Fox is coming out with a show called More to Love. It’s a version of The Bachelor with plus size participants.
Although I am glad that this is a reality show with large women that is not trying to make them lose weight to be more attractive, the ads show women who talk about how they just want to feel beautiful, loved, and wanted. So they decide to compete with 19 other women for the love of a stranger on national TV?
Ladies, ladies, ladies! First of all, the ladies they profiled were already beautiful. They don’t need a man’s approval to feel that way. Secondly, everyone wants to feel loved, but if you don’t feel lovable, you’ll never accept love from someone else.
Our society is messed up. In America, women strive for thin and busty with tanned, clear, wrinkle-free skin. The few women who are able to meet that standard go to great lengths to achieve it, including surgically altering their bodies.
Why do we let a few magazine publishers and TV producers determine what we should look like? Don’t we give God any credit for making us just the way we are?
Granted, obesity is a real health risk. But if a women is a size 16 and the doctor gives a clean bill of health, why shouldn’t she be proud of the way she looks?
Surprisingly, researchers have found that even when women lose a lot of weight, their self-image doesn’t necessarily change for the better. They still see their old self in the mirror, even if it doesn’t reflect reality. Sometimes they’re disappointed that the weight loss didn’t miraculously turn their bodies into model material. Some psychologists call this “phantom fat.”

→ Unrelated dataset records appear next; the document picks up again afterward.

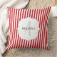 Coussin Monogramme personnalisé rouge et blanc de Noël
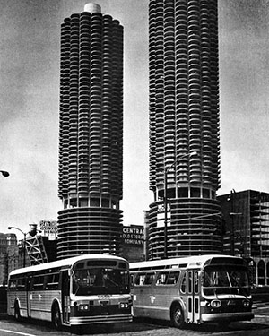 Two Chicago Transit Authority buses are parked on Wacker Drive for this photo from, most likely, 1963. In the background, both the west tower (left) and east tower (right) of Marina City appear to be open, so it is at least 1963, but the office building at far right is still being constructed and it will not start to open until February 25, 1964. The bus on the left is newer than the bus on the right. It is an 8500-series bus built by an Ohio company called Flxible that closed in 1996. CTA photographed this new model of bus in front of Marina City and on State Street with the Chicago Sun-Times and Wrigley Building in the background. |
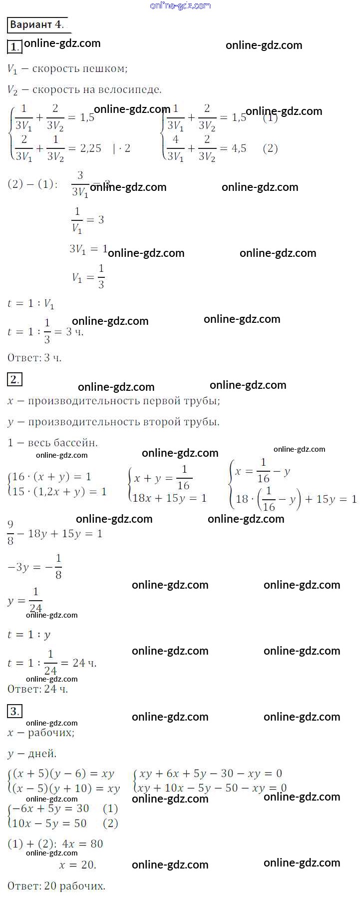 Готовые домашние задания по Алгебре за 8 класс Дидактические материалы Потапов, Шевкин МГУ - школе 2017 - СР №25. Решение задач при помощи систем уравнений Самостоятельные работы вариант 4

If you can’t accept yourself when you’re overweight, you probably won’t accept yourself if you lose weight. It’s not about the weight. It’s about accepting who you are, right here, right now. It’s admirable to have goals to be healthier, or to further an education, or to have a loving relationship. You just can’t get to where you’re going if you don’t know where you are. Or who you are. No matter what, you are beautiful, and you are loved.